Common Noise by Random Measures: Constructing Mean-Field Equilibria for Competitive Investment and Hedging

TL;DR

This paper constructs and analyzes Nash-equilibria in mean-field portfolio games with common noise modeled by random measures, providing existence, uniqueness, and explicit construction methods for the equilibria.

Contribution

It introduces a novel framework for mean-field portfolio games with common noise via jump processes, proving existence and uniqueness of equilibria without small interaction assumptions.

Findings

Existence and uniqueness of solutions to McKean-Vlasov BSDEs with jumps.

Equilibrium strategies can be derived from single-agent optimization problems.

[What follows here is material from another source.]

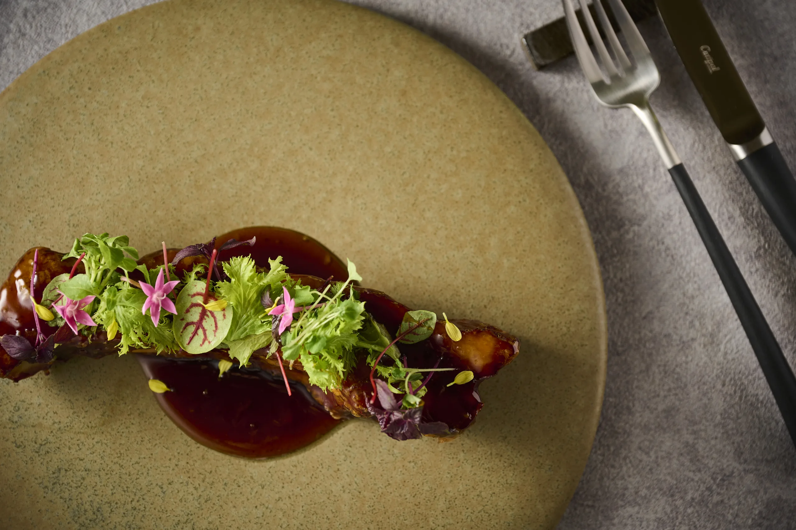 ディナータイムには、コンクールで入賞した料理を組み込んだ三種類のコースを用意する。また、料理とペアリングするドリンクは、ワインだけでなくユニークなラインナップからソムリエがセレクト。相性抜群の一杯との出会いも楽しみのひとつだ。

A limiting quadratic hedging game emerges as risk aversion vanishes.

Abstract

We construct Nash-equilibria in mean-field portfolio games of optimal investment and hedging under relative performance concerns with exponential (CARA) utility preferences. Common noise dynamics are modeled by integer-valued random measures, for instance Poisson random measures, in addition to Brownian motions. Agents differ in individual risk aversions, competition weights, and initial capital endowments, while their contingent claim liabilities depend on both common and idiosyncratic risk factors. Mean-field equilibria are characterized by solutions to McKean-Vlasov backward stochastic differential equations with jumps, for which we prove existence and uniqueness of solutions, without assuming mean field interaction to be small. Moreover, we show how the equilibrium can be constructed from the optimal strategy of a single-agent optimization problem (without mean-field interaction) via an appropriate projection. Using successive changes of measure, our derivation provides a decomposition of the equilibrium strategy into three components with clear interpretations. Finally, we show how a limiting mean-field game of quadratic (instead of utility-based) hedging with relative performance concerns arises for vanishing risk aversion.